I am scared of myself. I am scared of what will happen once I will be on my own. I am looking forward to it but I am scared. I have wanted to literally waste away b/c I couldn't take it anymore... and my enemy has become my friend. one constant thing. I don't want to be pretty or skinny (as some might think), I want to be nothing, feel nothing.... I got almost 100% on an exam and what did I think??? why did I get that one question wrong, I should have known better. I hate this way of thinking. I hate hating me. But I hate myself so much. This is the one thing that keeps me going as much as it brings me down. I dont' know if I'm ready to give this up. I don't think I should have a choice about this almost b/c I don't think I will be able to go through w/ this.
 

David Baxter PhD

Late Founder
I wasn't sure there was a question in there, Eunoia. It read more like you were describing your ambivalence and some confusion about going to counselling and about the prospect of change.

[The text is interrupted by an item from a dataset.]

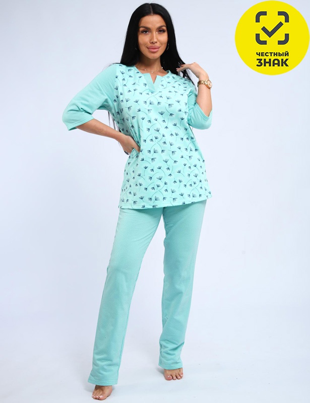 Производитель: ТМ Плиона Артикул: 01059 Пижама женская (Бирюзовый) Пол: ЖЕНСКИЙ Полотно: футер начес Состав: хлопок 100% Возраст: взросл
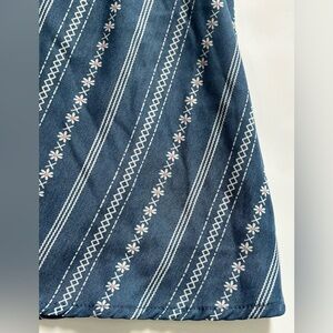 This casual sundress by Lily Bleu features a charming blue and white striped pattern, complemented by a square neckline and cap puff sleeves. The ruffled details add a playful touch, making it perfect for a relaxed day out.

That's nothing unusual - everyone experiences that. But no therapist is going to force you to do anything. What happens in therapy is that you will be assisted in identifying things you would like to change about your life and will be given some suggestions on how to achieve those changes. What you do with the advice and the suggestions is up to you.

So the bottom line is: You have nothing to lose. And you just might gain a lot more than you know.
 

Diana

Member
Hi! All I have to say is that YOU have always existed and always will exist. You're not going to lose yourself, but you might end up recognizing aspects of yourself that you couldn't see so clearly before. That might eventually cause you to abandon certain behaviours, but you won't lose yourself. Even you understand that SOMETHING made you go and seek help. Maybe you can find out what that something is. It might not completely work out the first time, but any steps toward getting better help you to become closer. Why don't you give it a try? Let us know how it goes.
 

Eunoia

Member
ok, so I went.. and we decided to work on some stuff but not on the ed stuff primarly. which is what I wanted b/c I don't feel like I am completely ready to do so and I don't want to focus on this 24/7 b/c I feel like that doesn't get me anywhere. so here's where the problem comes in.... I have been focusing on this 24/7 since 2 weeks and since then I feel like things have been completely out of control, or should I say more "in control" b/c I'm really making sure I do all of the things I used to do to actively lose weight.... I don't understand how half of me can be almost happy/relieved that I went and finally told someone where as the other 50% of me HATES this idea and is doing EVERYTHING in my power to make up for it. I feel like I have to get worse or get "better" in my sense... I feel like I HAVE to reach those goals and I set myself a goal and a time frame and I have started doing all of those things again that make you be preoccupied w/ food, losing weight, dieting etc. 24/7. I can't even be cold w/out thinking, ok, being cold makes you burn cals. I don't understand what's going on. I don't understand what *I* want, or which one of these 2 is *me*. He wants me to focus on my thoughts when purging, restricting etc. and that's exactly what I don't want to do... I don't want to focus on that b/c I KNOW things will end up getting worse... it's like I am competing with myself. Where do I go from here!?!??